▶ **Data extracts**:
=-=-=

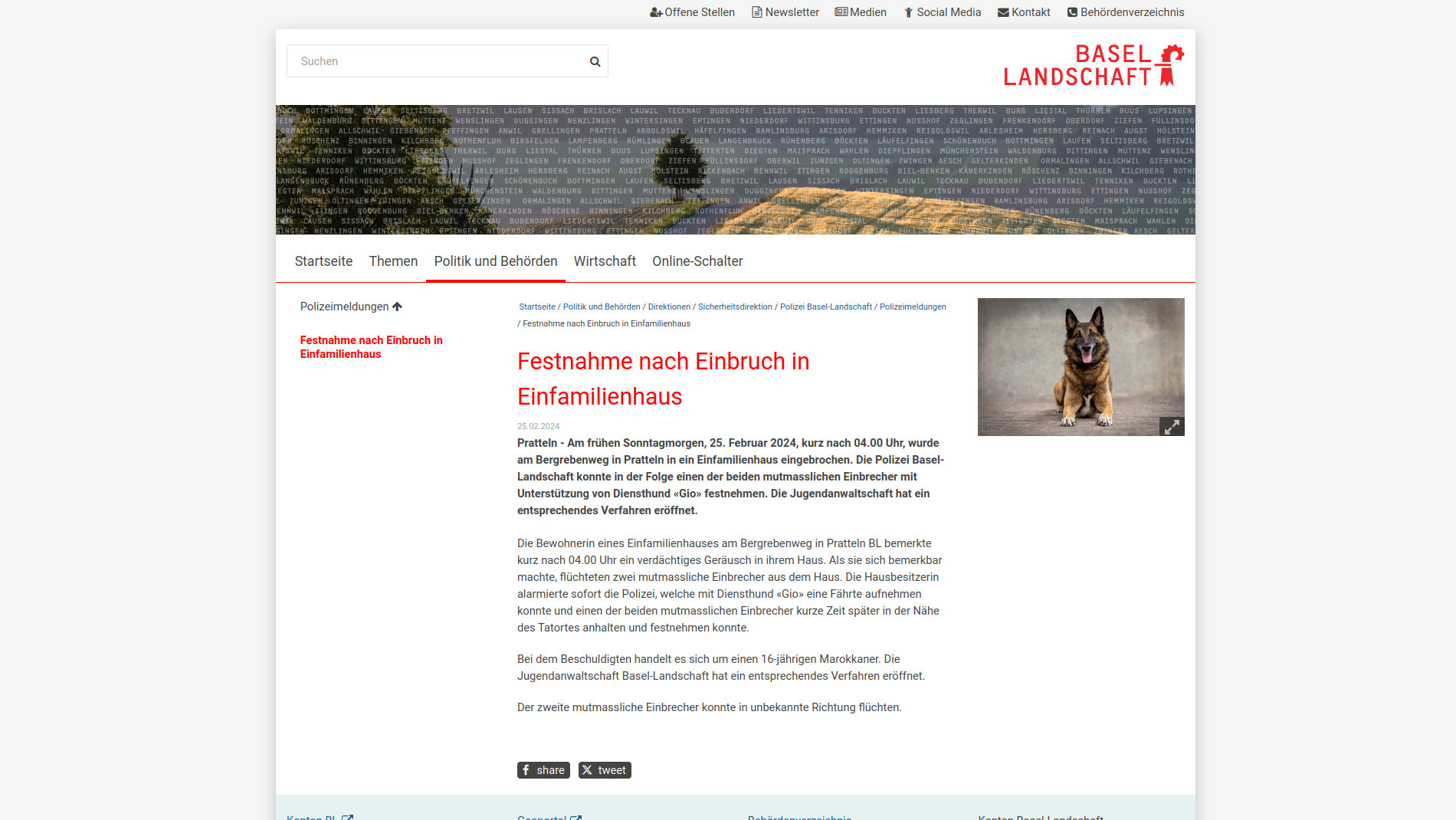 Am frühen Sonntagmorgen, 25. Februar 2024, kurz nach 04.00 Uhr, wurde am Bergrebenweg in Pratteln in ein Einfamilienhaus eingebrochen. Die Polizei Basel-Landschaft konnte in der Folge einen der beiden mutmasslichen Einbrecher mit Unterstützung von Diensthund «Gio» festnehmen. Die Jugendanwaltschaft hat ein entsprechendes Verfahren eröffnet.
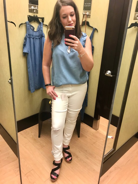 And last up is a chambray top with distressed white jeans. I love chambray and white – it’s so clean, simple, and classic. Chambray and white is one of my favorite combinations for spring, and you can pair the chambray top with white shorts when it gets too hot for long pants.
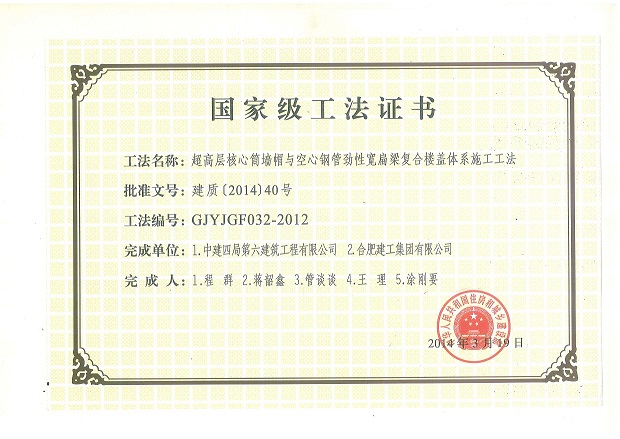 国家级工法:超高层核心筒墙帽与空心钢管劲性宽扁梁复合楼盖体系施工工法
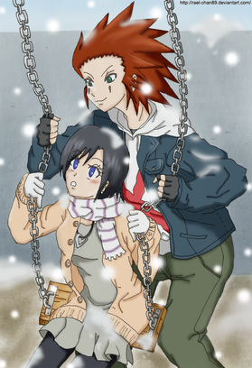 Anyway, I must admit that I love this picture. So simple, yet you can read so much from it. The coloring is wonderful (I'm so jealous!), and I love the soft-ness of the snow. Ruki and Takato look so innocent....
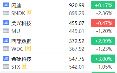 存儲概念股回調,閃迪跌超2%,希捷科技、美光科技、西部數據跌超1%;
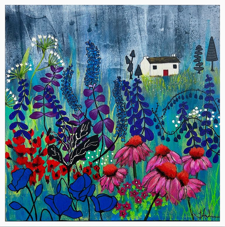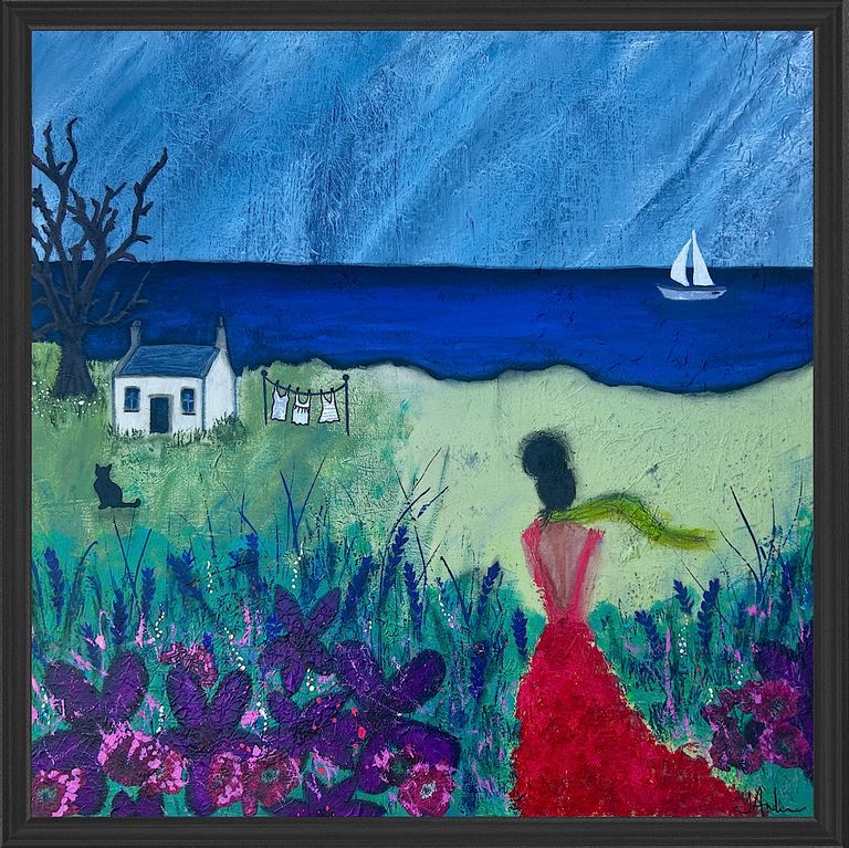 Mixed media acrylics and inks on deep edge canvas in a matt black wooden floating frame
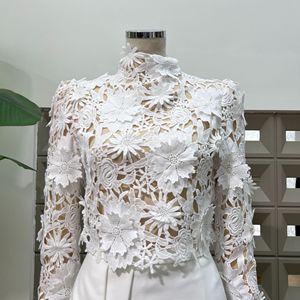 亚马逊绝美立体花朵水溶蕾丝套头短款上衣+蝴蝶结包臀白色半裙女
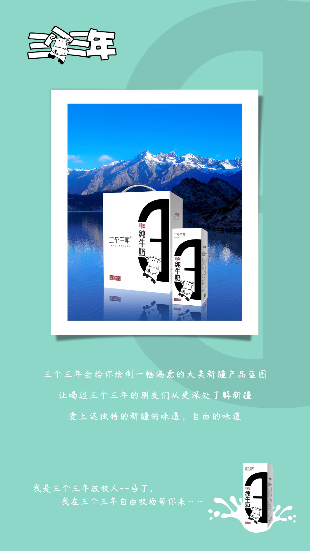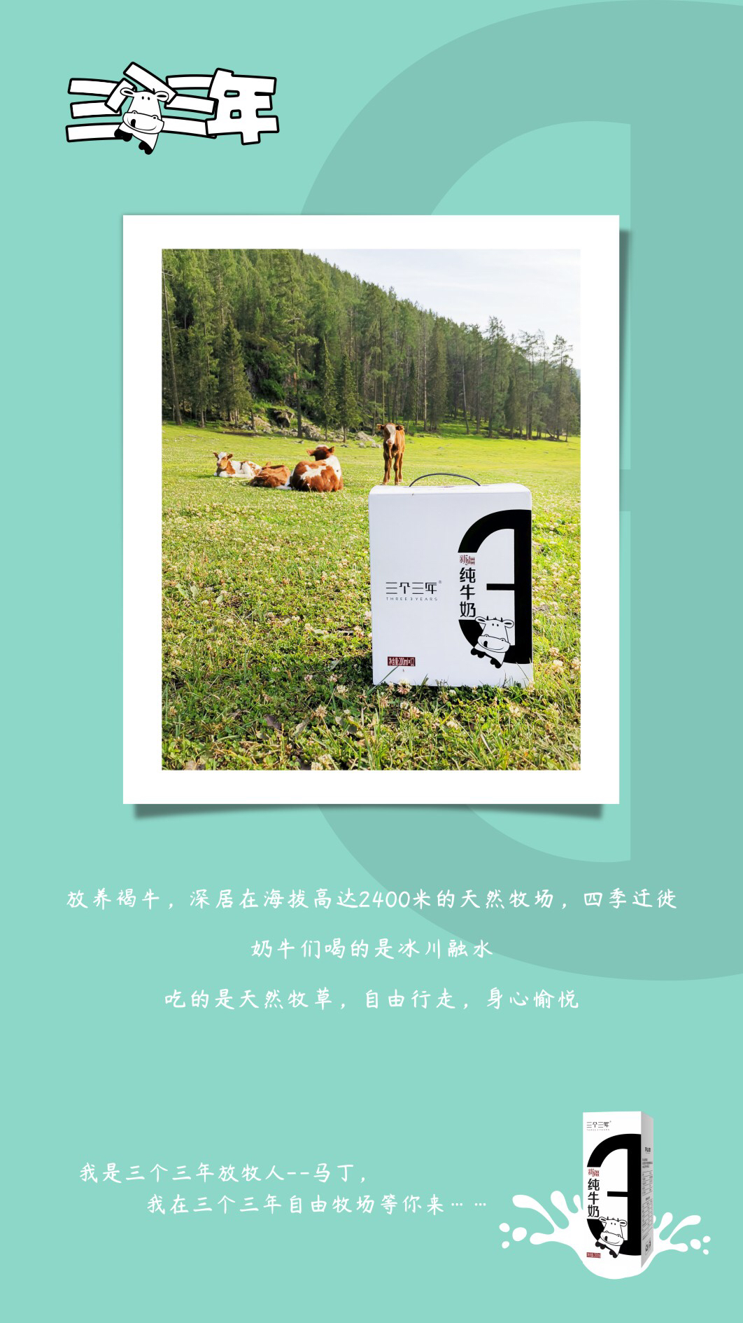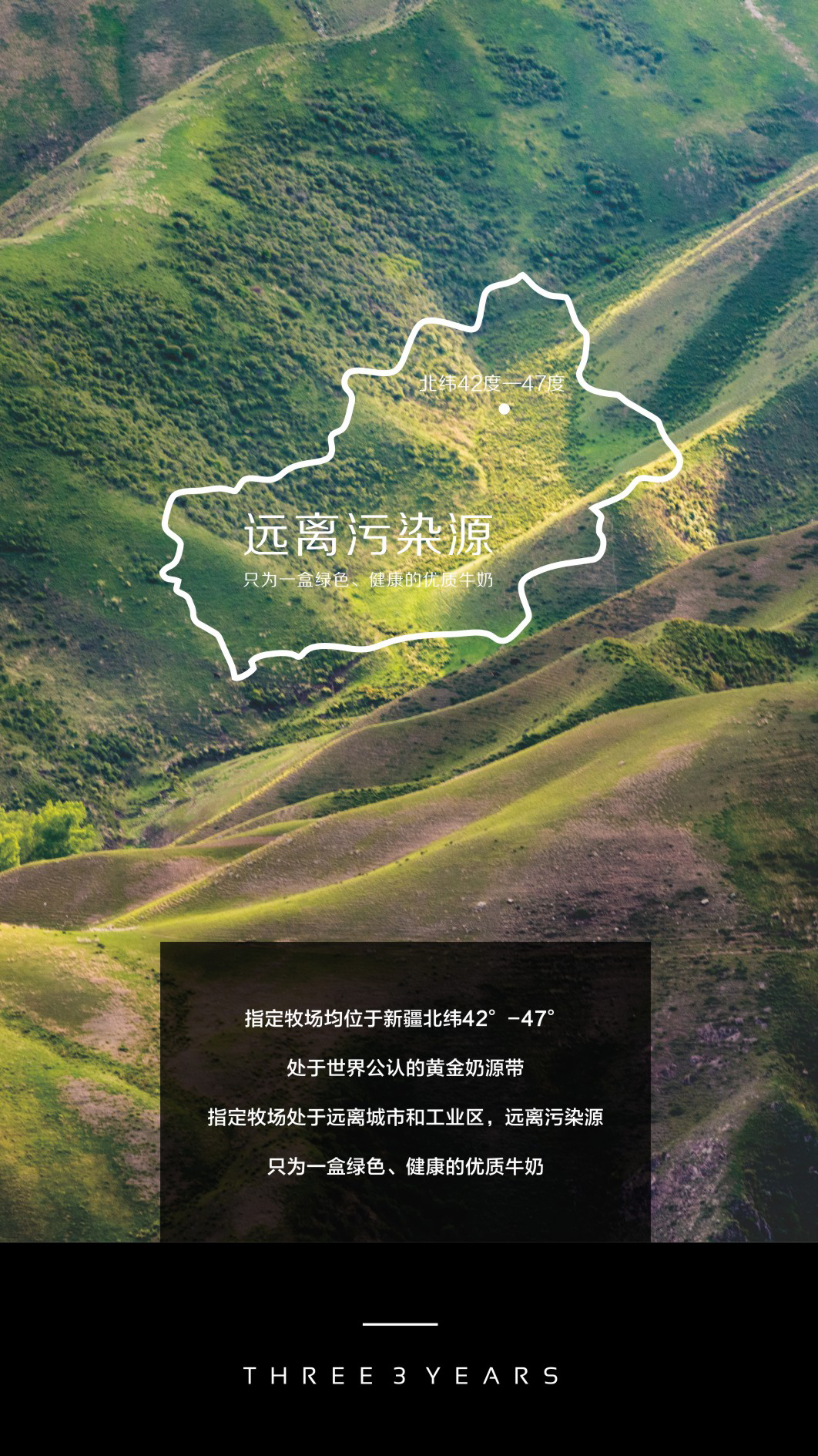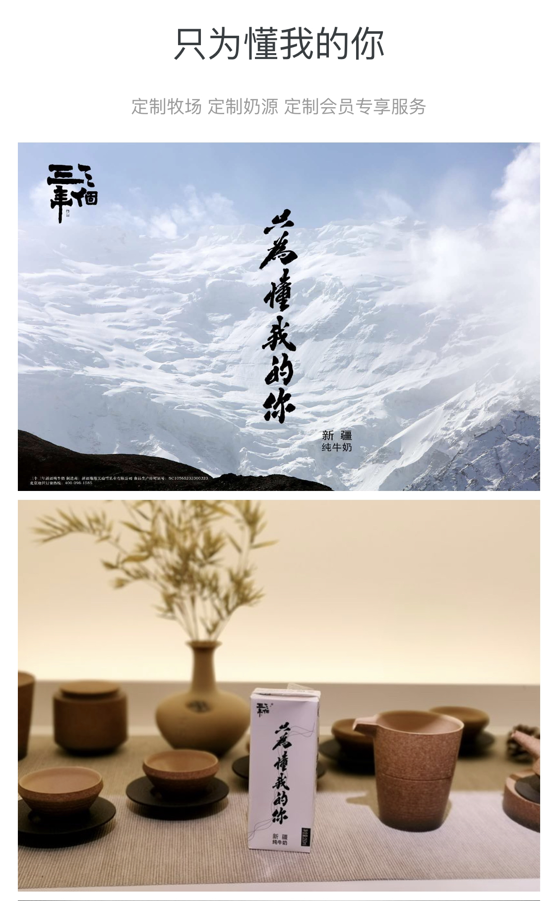 三年选人、三年选草、三年选牛是我们做牛奶的态度。"只为懂我的你"代表着我们的胸怀。三个三年的独具匠心,造就了一款新疆好牛奶。我们打造的是一款无需担心质量问题的高品质新疆纯牛奶、一款能唤醒儿时记忆的新疆纯牛奶、一款能够养成消费者每天喝牛奶习惯的纯牛奶。为了还原牛奶最初的本味,我们通过研发在保证产品质量和食品安全的前提下,将繁杂的生产工艺简单化,无数次的失败更加坚定了我们的信心,把更新鲜、更绿色的新疆"小美好"带给消费者将是我们不变的初心。

=-=-=

▶ **About this task**: Without changing a single word, set down all of the material again and leave out its pictures.

▶ **Your response**:
 Am frühen Sonntagmorgen, 25. Februar 2024, kurz nach 04.00 Uhr, wurde am Bergrebenweg in Pratteln in ein Einfamilienhaus eingebrochen. Die Polizei Basel-Landschaft konnte in der Folge einen der beiden mutmasslichen Einbrecher mit Unterstützung von Diensthund «Gio» festnehmen. Die Jugendanwaltschaft hat ein entsprechendes Verfahren eröffnet.
 And last up is a chambray top with distressed white jeans. I love chambray and white – it’s so clean, simple, and classic. Chambray and white is one of my favorite combinations for spring, and you can pair the chambray top with white shorts when it gets too hot for long pants.
 国家级工法:超高层核心筒墙帽与空心钢管劲性宽扁梁复合楼盖体系施工工法
 Anyway, I must admit that I love this picture. So simple, yet you can read so much from it. The coloring is wonderful (I'm so jealous!), and I love the soft-ness of the snow. Ruki and Takato look so innocent....
 存儲概念股回調,閃迪跌超2%,希捷科技、美光科技、西部數據跌超1%;
 Mixed media acrylics and inks on deep edge canvas in a matt black wooden floating frame
 亚马逊绝美立体花朵水溶蕾丝套头短款上衣+蝴蝶结包臀白色半裙女
 三年选人、三年选草、三年选牛是我们做牛奶的态度。"只为懂我的你"代表着我们的胸怀。三个三年的独具匠心,造就了一款新疆好牛奶。我们打造的是一款无需担心质量问题的高品质新疆纯牛奶、一款能唤醒儿时记忆的新疆纯牛奶、一款能够养成消费者每天喝牛奶习惯的纯牛奶。为了还原牛奶最初的本味,我们通过研发在保证产品质量和食品安全的前提下,将繁杂的生产工艺简单化,无数次的失败更加坚定了我们的信心,把更新鲜、更绿色的新疆"小美好"带给消费者将是我们不变的初心。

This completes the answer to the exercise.